■ Problem statement
Only the lines below between the one holding "хранения двух вставок." and the one holding "Chequered squares mocha", inclusive, are to be reproduced word for word; the pictures are to be left out.

■ Given information

* * * * * * * * *

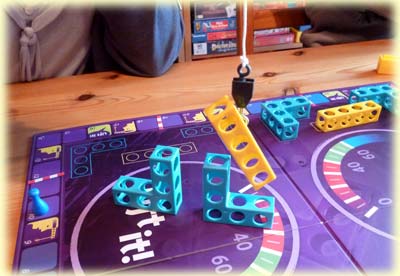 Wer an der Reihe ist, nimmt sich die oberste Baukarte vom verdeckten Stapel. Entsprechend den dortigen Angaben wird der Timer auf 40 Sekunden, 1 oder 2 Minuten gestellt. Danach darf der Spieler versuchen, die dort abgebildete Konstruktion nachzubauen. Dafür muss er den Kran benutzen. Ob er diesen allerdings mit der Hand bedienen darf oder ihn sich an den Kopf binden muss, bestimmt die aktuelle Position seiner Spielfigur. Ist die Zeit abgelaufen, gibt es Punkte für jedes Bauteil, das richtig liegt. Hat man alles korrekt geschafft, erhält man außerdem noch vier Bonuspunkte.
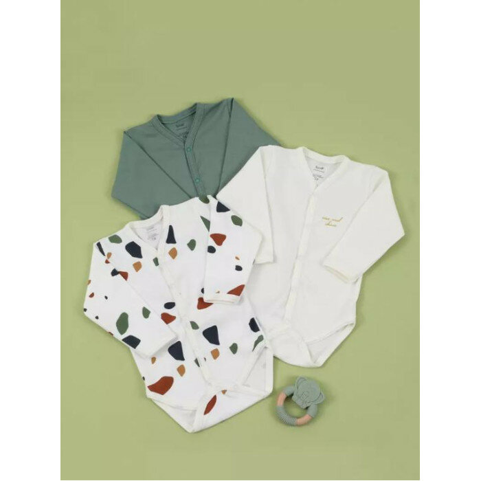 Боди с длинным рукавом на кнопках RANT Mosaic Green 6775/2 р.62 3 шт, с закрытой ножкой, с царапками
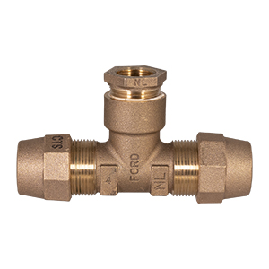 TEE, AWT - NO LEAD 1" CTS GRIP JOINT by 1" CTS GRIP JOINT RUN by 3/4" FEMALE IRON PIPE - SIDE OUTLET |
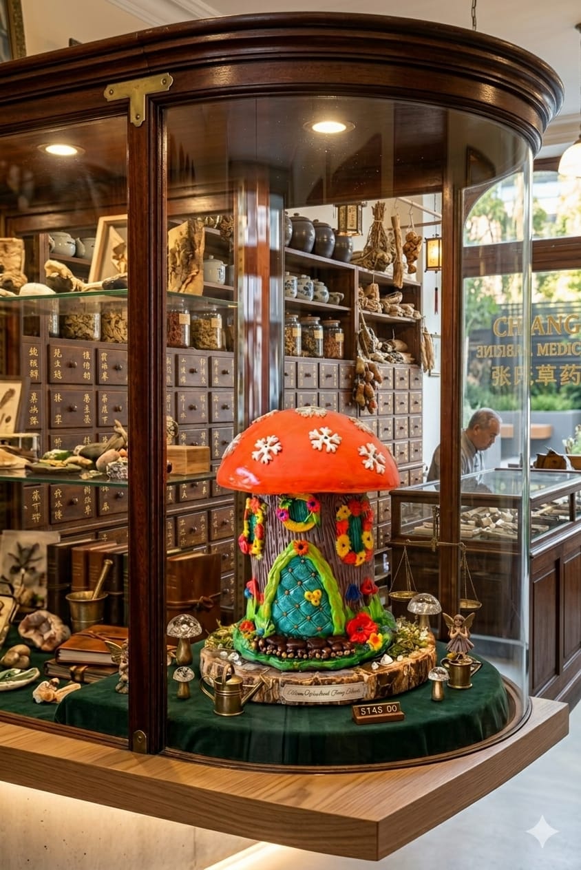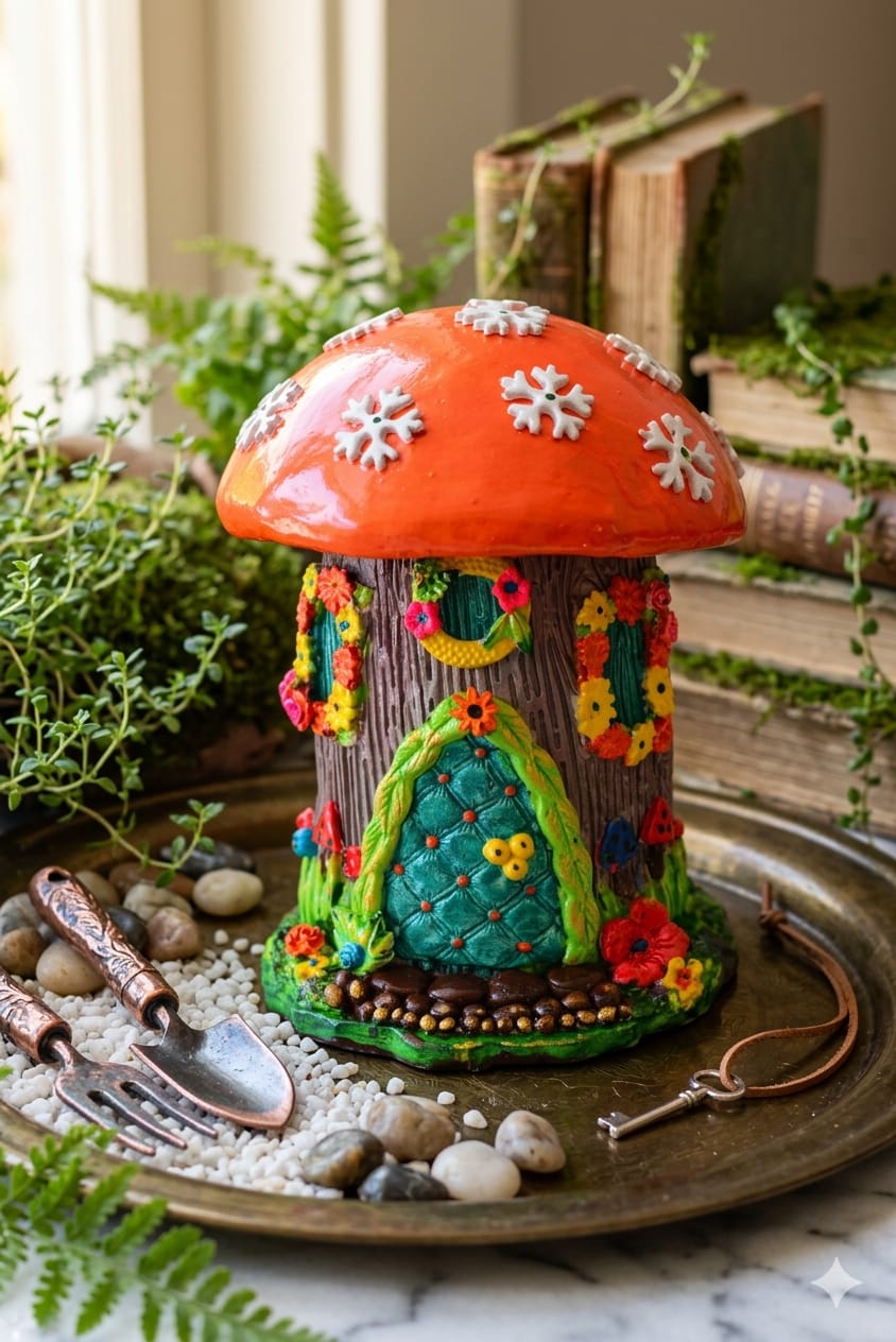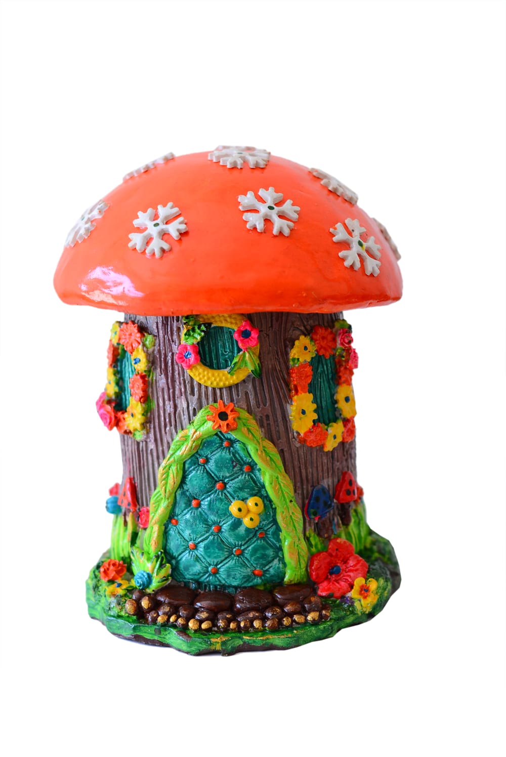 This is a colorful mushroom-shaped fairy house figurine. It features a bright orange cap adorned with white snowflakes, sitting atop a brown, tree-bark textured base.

* * * * * * * * *

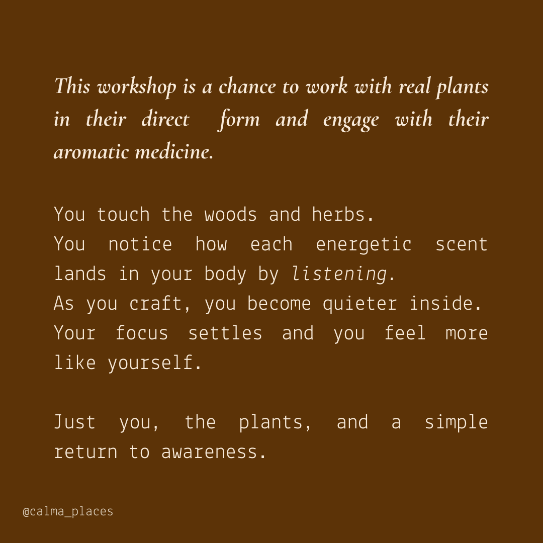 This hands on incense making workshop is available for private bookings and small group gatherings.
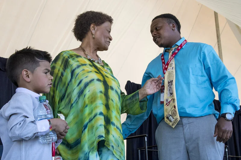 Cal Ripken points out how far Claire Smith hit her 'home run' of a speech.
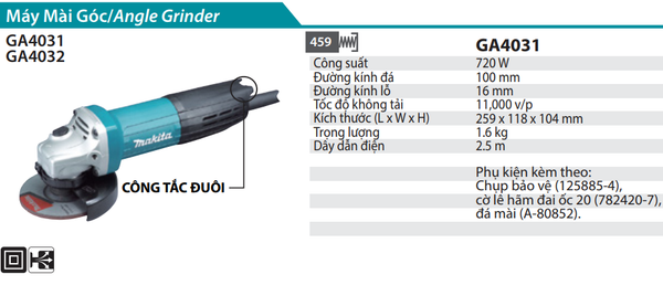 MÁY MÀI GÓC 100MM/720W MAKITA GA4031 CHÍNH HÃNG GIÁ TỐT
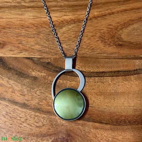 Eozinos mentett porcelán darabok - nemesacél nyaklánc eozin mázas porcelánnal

* * * * * * * * *

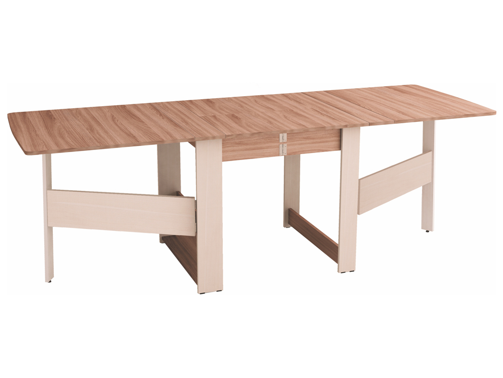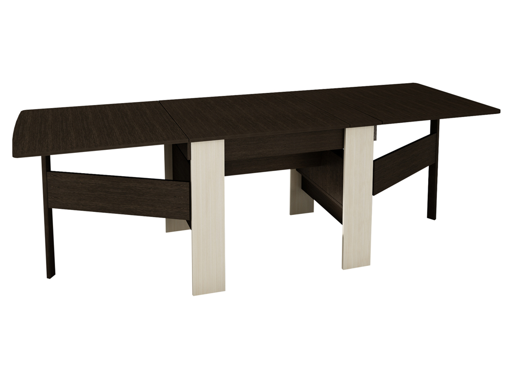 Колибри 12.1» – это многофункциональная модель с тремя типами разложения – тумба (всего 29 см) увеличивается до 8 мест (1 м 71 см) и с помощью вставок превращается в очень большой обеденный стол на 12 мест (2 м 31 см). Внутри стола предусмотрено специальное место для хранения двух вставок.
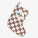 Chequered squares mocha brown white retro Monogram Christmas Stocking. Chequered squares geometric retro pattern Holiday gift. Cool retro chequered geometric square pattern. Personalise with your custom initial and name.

* * * * * * * * *

■ Task solution
 Колибри 12.1» – это многофункциональная модель с тремя типами разложения – тумба (всего 29 см) увеличивается до 8 мест (1 м 71 см) и с помощью вставок превращается в очень большой обеденный стол на 12 мест (2 м 31 см). Внутри стола предусмотрено специальное место для хранения двух вставок.
 Chequered squares mocha brown white retro Monogram Christmas Stocking. Chequered squares geometric retro pattern Holiday gift. Cool retro chequered geometric square pattern. Personalise with your custom initial and name.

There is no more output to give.